Because this book seems overall to be a good-faith (pun intended) effort on the part of its two authors, Anne Dayton and May Vanderbilt, I'm a bit sorry that it left me so utterly indifferent. The story, of Christian Emily's experiences trying to work in publishing in big bad amoral New York, is the sort of thing that might, and clearly did, make some agent and publisher say, "Well, that's kind of fresh, let's go with it." (Of course, since both authors work for a publishing house, it would be disingenuous to suppose that they faced the same type of barriers to their literary ambitions as the average chick lit novelists.)
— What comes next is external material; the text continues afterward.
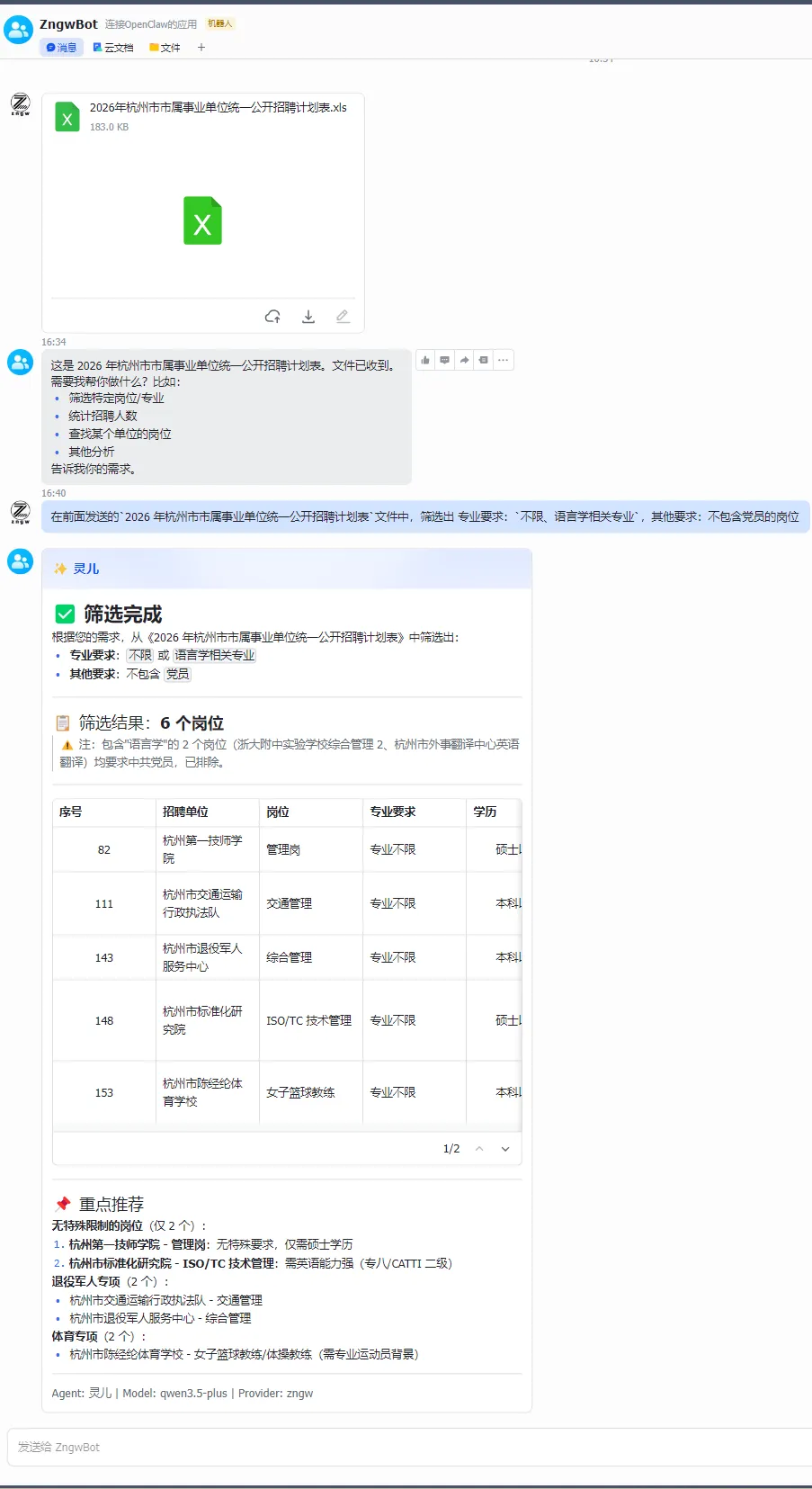 最近媳妇打算考公,让后把表格和需求发过小龙虾,让它帮你筛选出符合条件的岗位。

Unfortunately, that's where the freshness ends. I'd like to go all reviewerly at this point and maunder about the novel's subtext, but there's nothing subtextual, subtle, or otherwise sub- about this book. Practicing Christians have a stronger attachment to traditional moral values than the average hard-drinking gold-digging New York socialite, according to Dayton and Vanderbilt. Okay. The rest of the book's messages are on about the same level of groundbreaking novelty.

Equally new and exciting are the characterizations, which vary from one-dimensional to dull, depending on the number of lines of dialogue a character gets. The only character who sparked a moment's interest was Emily's boss, who shows up at work on Halloween in a full Darth Vader costume and persists in speaking in movie quotes all day. I'd have liked him for that if he wasn't such a platitude-spewing tool the rest of the time, and also the vehicle for one of the book's several yawn-inducing plot twists.

My greatest disappointment with the novel, though, was Emily's background. She's a conservative Christian from southern California, an exemplar of a real group that's rarely depicted in contemporary fiction; I was born and raised in southern California, I was homeschooled, several of my close family members attend church regularly, and I grew up with kids who, like Emily, were the children of hippies-cum-Christians. In other words, I know of what the authors speak. But it's clear that the authors don't, because the Emily they depict is so utterly lacking in the type of socialization that anyone, and I do mean anyone, would get growing up in SoCal. My conservative, Christian, high-school-aged sister has a subscription to Vogue - this in a household without TV, video games, cursing, or permitted dating - and this, along with many other anecdotes I could offer, makes it seem ludicrously unlikely that Emily would have thought khakis and a pink sweater with black Oxfords would be a hip bar-going outfit, as she does near the beginning of the book.

In other words, the main character is a poorly-drawn cliche who reflects little of the real culture from which she was supposedly drawn. Now, if Emily had shown up at the bar in a Darth Vader costume, this would have been a much cooler book.

I would give this book two stars, except that it's written in the present tense. One star.